Output the data unchanged and complete, minus the images.
=== Information provided ===
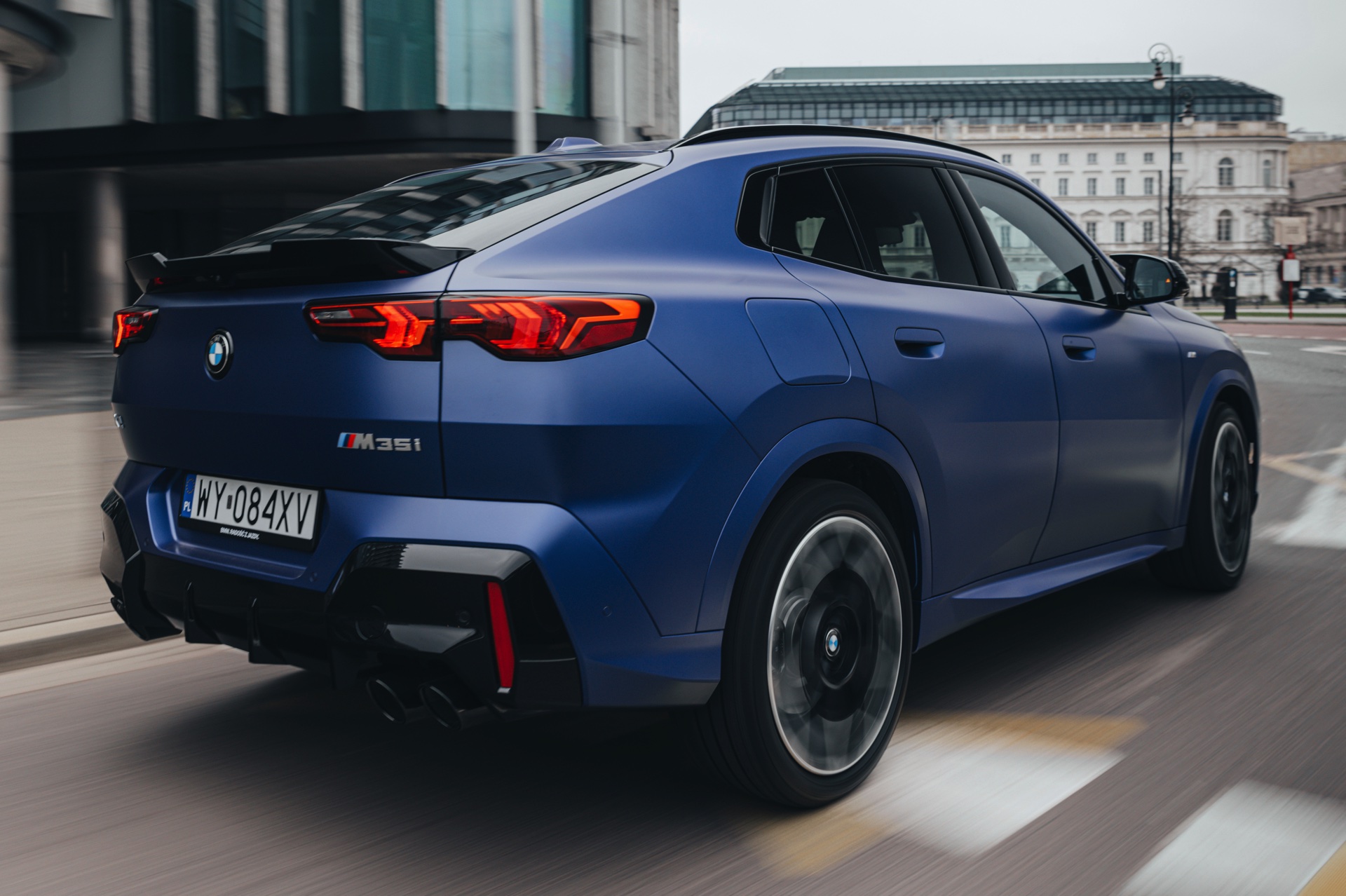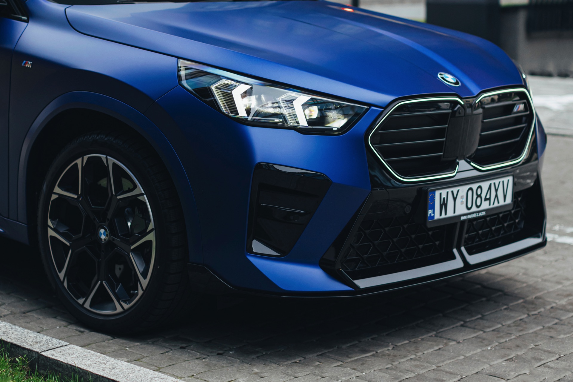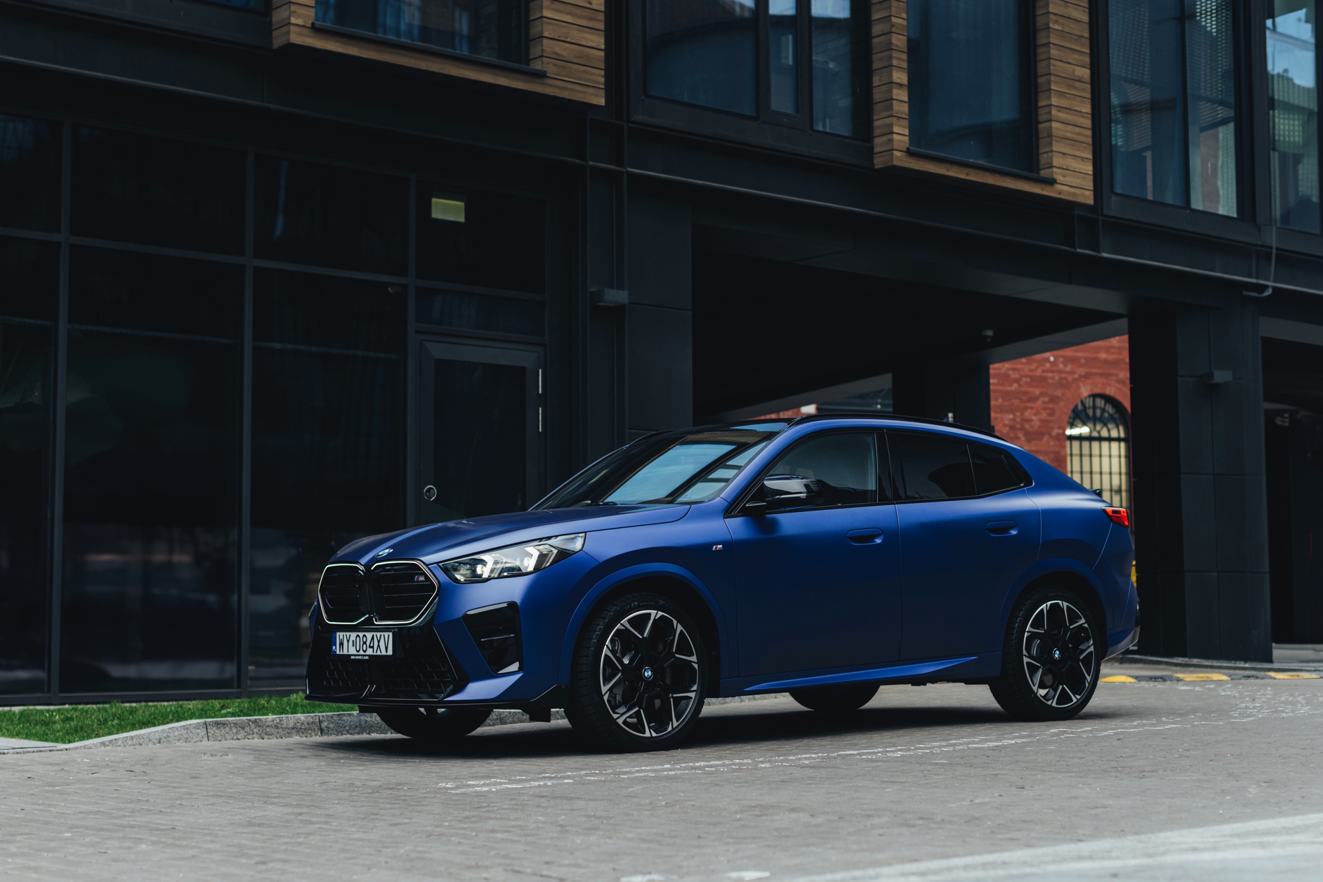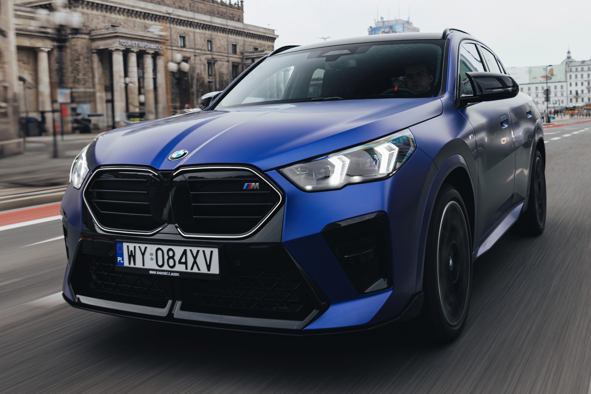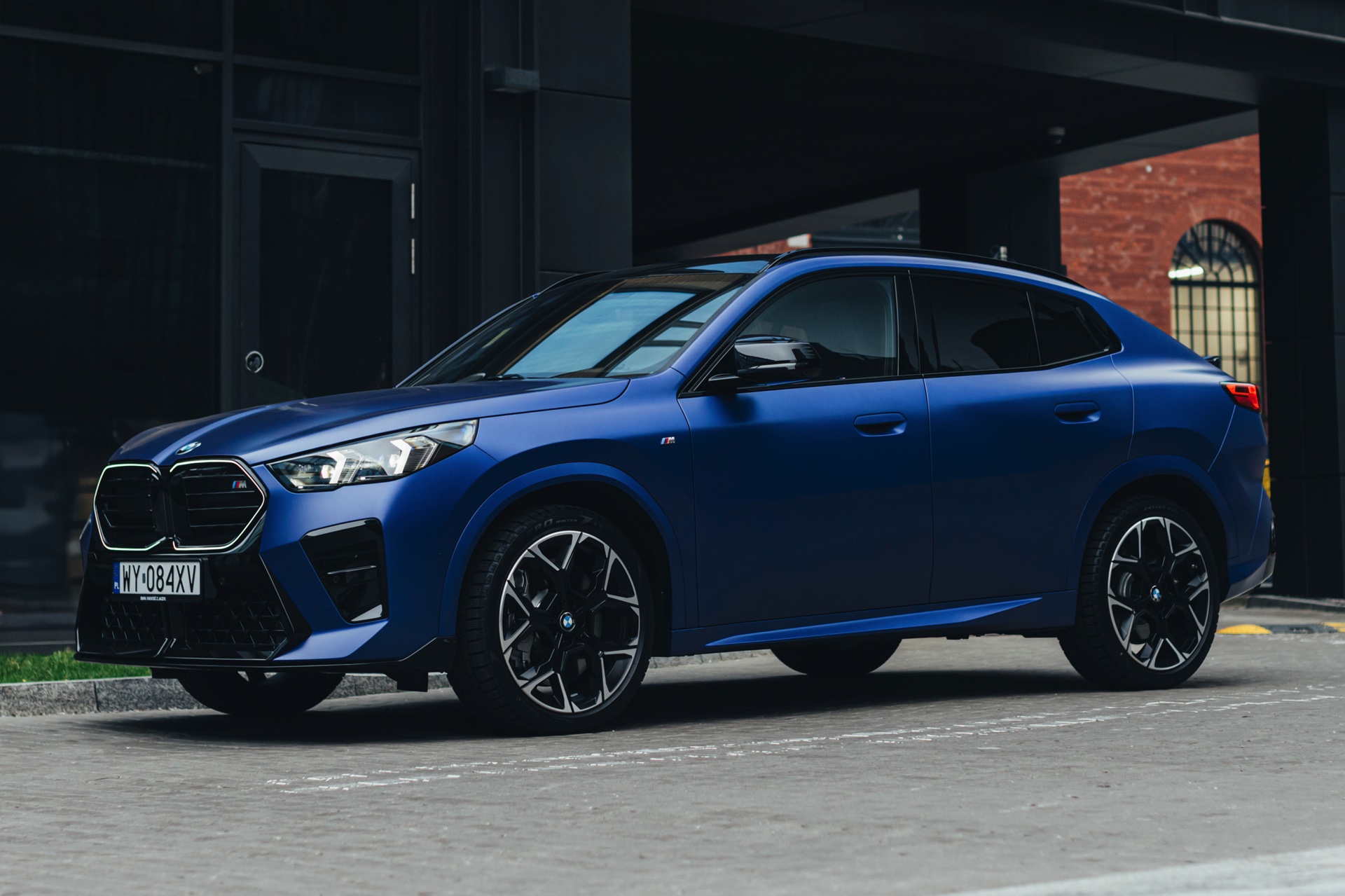 Frozen Portimao Blue ist der Star einer neuen Foto-Serie zum BMW X2 (U10) in Warschau. Das intensive Blau mit mattem Finish wird dabei auf einem X2 M35i präsentiert, der zudem das M Sportpaket Pro trägt und deshalb mit den schwarzen Umfängen der Shadow Line mit erweiterten Umfängen glänzt. Besonders sichtbar wird das an der schwarzen Niere, die bei aktivierter Zündung dank Iconic Glow-Beleuchtung dennoch prominent in Erscheinung tritt. Während die meisten Details des gezeigten X2 für alle Motorisierungen verfügbar sind, sind das Nieren-Innenleben mit horizontalen Streben und die vier Endrohre am Heck exklusiv dem Topmodell M35i vorbehalten.
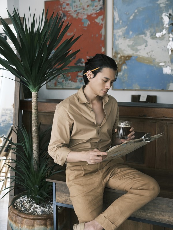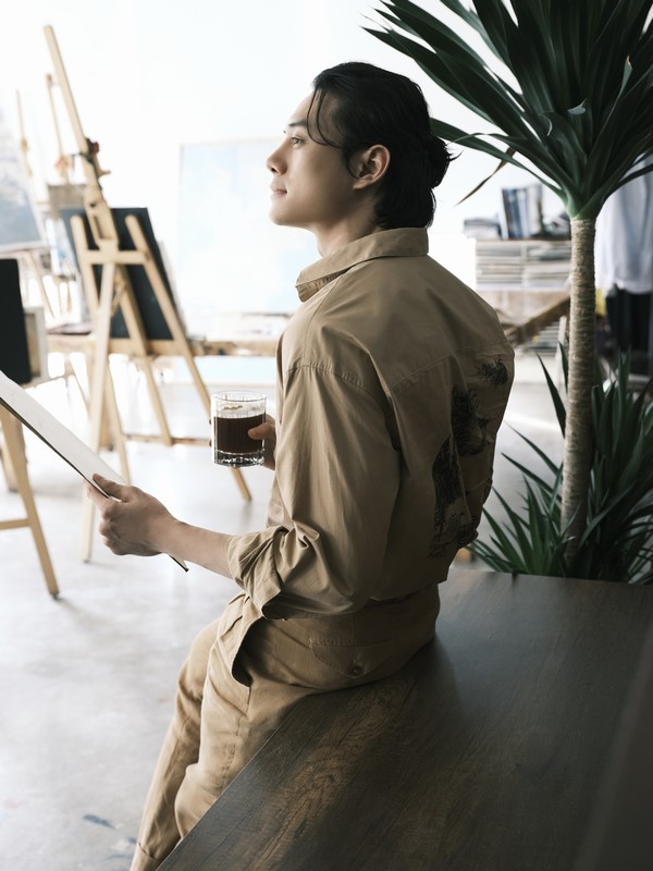 Hình tượng chàng thơ tự vẽ người trong mộng như khắc họa tính cách si tình, sống tình cảm, luôn quan sát và trân trọng cảm xúc của mọi người xung quanh anh. Chỉ diện trang phục đơn giản, thể hiện thần thái thoải mái và tự nhiên nhất, song Nguyễn Anh Dũng vẫn khoe khéo được vẻ điển trai ở mọi góc nhìn.
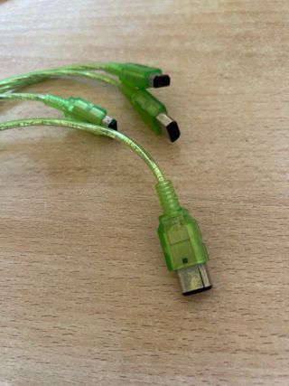 Cable de conexión para Game Boy, ideal para intercambiar Pokémon entre consolas. - Color verde translúcido. - Conexión para dos Game Boy. - Incluye adaptador.
===
__Solution for this exercise__
 Frozen Portimao Blue ist der Star einer neuen Foto-Serie zum BMW X2 (U10) in Warschau. Das intensive Blau mit mattem Finish wird dabei auf einem X2 M35i präsentiert, der zudem das M Sportpaket Pro trägt und deshalb mit den schwarzen Umfängen der Shadow Line mit erweiterten Umfängen glänzt. Besonders sichtbar wird das an der schwarzen Niere, die bei aktivierter Zündung dank Iconic Glow-Beleuchtung dennoch prominent in Erscheinung tritt. Während die meisten Details des gezeigten X2 für alle Motorisierungen verfügbar sind, sind das Nieren-Innenleben mit horizontalen Streben und die vier Endrohre am Heck exklusiv dem Topmodell M35i vorbehalten.
 Hình tượng chàng thơ tự vẽ người trong mộng như khắc họa tính cách si tình, sống tình cảm, luôn quan sát và trân trọng cảm xúc của mọi người xung quanh anh. Chỉ diện trang phục đơn giản, thể hiện thần thái thoải mái và tự nhiên nhất, song Nguyễn Anh Dũng vẫn khoe khéo được vẻ điển trai ở mọi góc nhìn.
 Cable de conexión para Game Boy, ideal para intercambiar Pokémon entre consolas. - Color verde translúcido. - Conexión para dos Game Boy. - Incluye adaptador.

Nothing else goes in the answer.